I would like to run a test for each species of ant that I have (columns 9-13) that compares values in the following columns: Attack_count, Attack_percent, Survival_count, and Survival_percent. I want to make this comparison when individual ant species are ants>0 to when they are ant==0.

This is what I have tried, and it returns pvalue=NA multiple times. This is my first attempt at writing a for loop and I do not know how to incorporate i.

I added in the bootstrap code.

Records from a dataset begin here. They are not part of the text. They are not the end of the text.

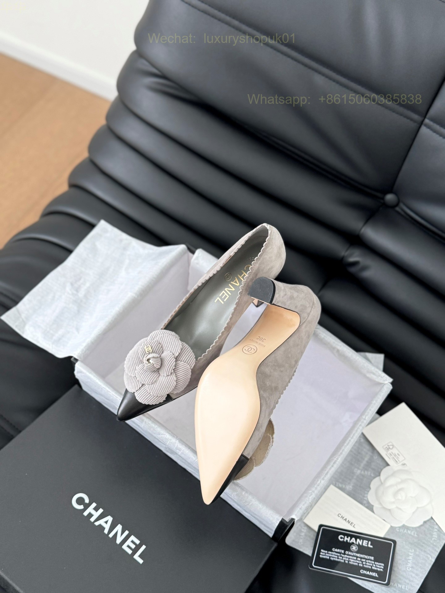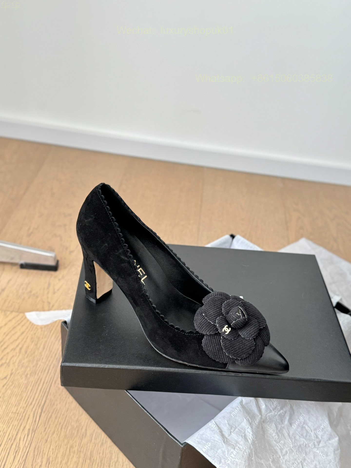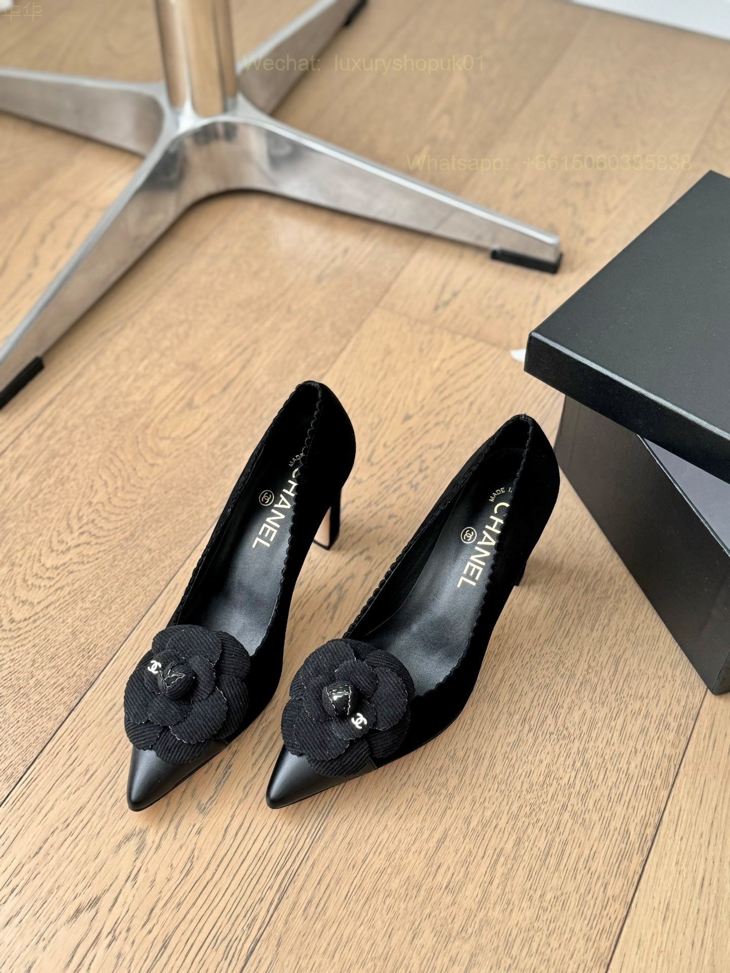 Chanel Leather Camellia Flower High heels pumps Pointed toe Women Shoes
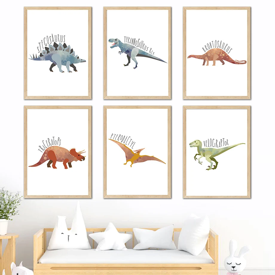 Акварельный динозавр птеродактил Трицератопс, настенная Картина на ...
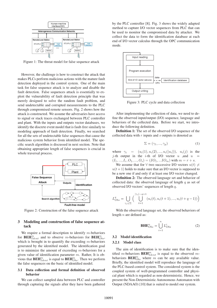 在本文中,我们提出对PLC的假序列攻击,这可以禁用PLC中的故障检测。 在攻击构造期间,仅需要控制在PLC和实际设备之间监视的几个受损传感器和足够的信号序列(I / O向量)。 此外,我们分析和建模受损PLC的收集到的无故障I / O轨迹,以发现假序列,这些错误序列可以注入到远程传感器的输入中,从而损坏控制系统,并且不能通过故障检测来检测。 值得注意的是,在现有故障检测的条件下,我们利用容错率k构建基于识别模型的假序列。
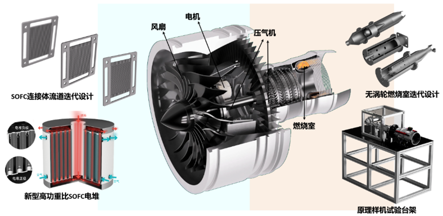 论文提出了一种耦合固体氧化物燃料电池(SOFC)的新型氨氢融合无涡轮混合动力系统,并针对新系统的两大关键热端部件开展详细的创新设计与仿真分析,基于功重比参数对固体氧化物燃料电池建立电化学、流体力学、传质学、传热学等多物理场耦合三维仿真模型,对现有产品开展结构优化设计并提出新型高功重比创新结构设计;对新型无涡轮航空发动机燃烧室进行迭代设计优化与仿真分析,得到适用于航空混动系统的无涡轮燃烧室结构设计并加工制造出实物。论文最终设计并搭建样机台架开展测试,为未来新型航空动力系统的设计提供思路和参考。
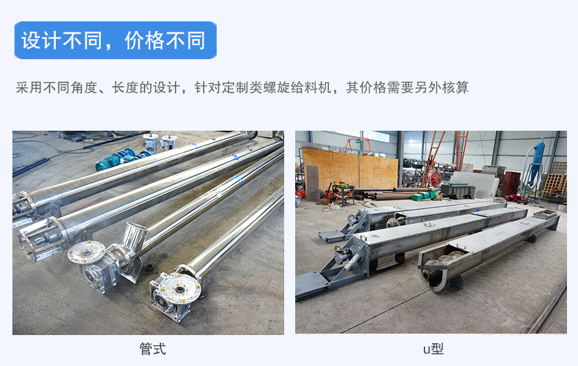 螺旋給料機可以針對用戶要求采用不同角度、長度的設計,針對定制類螺旋給料機,其價格需要另外核算,不同設計對于螺旋給料機的用材成本和制造成本是不同的。
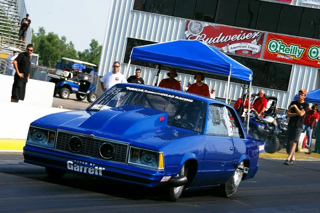 Mark Micke behind the wheel of a beautiful turbocharged '78 Malibu. He would go on to win the event.
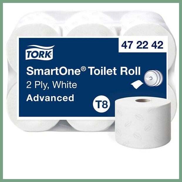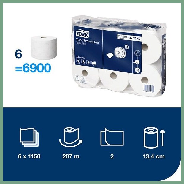 Wc-paperi Tork SmartOne 2-krs, 1150ark/rll, 6rll/sk. Tämän erinomaisen tuotteen verkkokaupan tilauksen toimitus kestää 1-2 päivää. Tork SmartOne järjestelmä (T8) annostelee yhden arkin kerrallaan, vähentää kulutusta ja kustannuksia. Sopii erinomaisesti saniteettitiloihin, joissa kävijämäärä runsas tai jopa kaikkein vaativimpiin ympäristöihin. Wc-paperit myydään säkeittäin. Pakkauskoot rullassa on 1150 arkkia, säkissä on 6 rullaa ja lavalla 64 säkkiä. Varma sopimuskuljetuksemme toimittaa wc-paperin ilman toimituskuluja toimitusosoitteeseen työpäivän aikana (8 - 15). Helsinki, Pori, Espoo, Vantaa... siis minne tahansa Suomeen.

I am not exactly sure how making a reproducible example goes but I wrote one in

bootstrap_ttest <- function(data1,data2,resamples){

    delta_real <- mean(data1) - mean(data2) ##real diff btwn means
    pooled_data <- c(data1, data2)

    null_differences <-c()
    for(x in 1:1000){

        data1_null <- sample(pooled_data,size=length(data1), replace=T)
        data2_null <- sample(pooled_data,size=length(data2), replace=T)

        delta_null <- mean(data1_null) - mean(data2_null)
        null_differences <- c(null_differences, delta_null )

    }## end of resampling loop 

    pvalue <- sum(abs(null_differences) > abs(delta_real))/length(null_differences)
    cat("pvalue:", pvalue)
    assign("pvalue", pvalue,.GlobalEnv) 
    assign("null_dist", null_differences,.GlobalEnv )
    assign("delta_obs", delta_real,.GlobalEnv )

}
ac_pvals = vector(length = ncol(ants))
ap_pvals = vector(length = ncol(ants))
sc_pvals = vector(length = ncol(ants))
sp_pvals = vector(length = ncol(ants))

for(i in 1:ncol(ants)){

  ants = data.frame(mainbroca[,9:13])

test1 = bootstrap_ttest(data1=mainbroca$Attack_count[ants == 0], 
                data2=mainbroca$Attack_count[ants>0], resamples=1000)
test2 = bootstrap_ttest(data1=mainbroca$Attack_percent[ants == 0], 
                data2=mainbroca$Attack_percent[ants>0], resamples=1000)
test3 = bootstrap_ttest(data1=mainbroca$Survival_count[ants == 0], 
                data2=mainbroca$Survival_count[ants>0], resamples=1000)
test4 = bootstrap_ttest(data1=mainbroca$Survival_percent[ants == 0], 
                data2=mainbroca$Survival_percent[ants>0], resamples=1000)

ac_pvals[1] = c(test1)
ap_pvals[1] = c(test2)
sc_pvals[1] = c(test3)
sp_pvals[1] = c(test4)

}

#reproducible

fakerow1 <- c(1,2,3,4,100,80,60,40,20)
fakerow2 <- c(1,2,3,4,100,80,60,40,20)
fakedata = rbind(fakerow1,fakerow2)
colnames(fakedata) = c('ac','ap','sc','sp','ant1','ant2','ant3','ant4','ant5')
Gautam
  • 2,597
  • 1
  • 28
  • 51
  • 1
    Can you provide a sample of the data you used? Thanks. – Taher A. Ghaleb Nov 19 '19 at 16:03
  • @Jannice Newson, from which packages the function `bootstrap_ttest` is coming from ? I'm not able to find it online. Also, instead of attached images, can you provide a [reproducible example](https://stackoverflow.com/questions/5963269/how-to-make-a-great-r-reproducible-example) of your data, it will facilitate copy/paste. – dc37 Nov 19 '19 at 17:32
  • Thanks for the update, I update my answer too accordingly – dc37 Nov 20 '19 at 04:11

3 Answers3

0

I have modified your code to do what I think you want. You were looping over the columns and needed to filter the ants dataset by column and then save the results to your vectors without overwriting.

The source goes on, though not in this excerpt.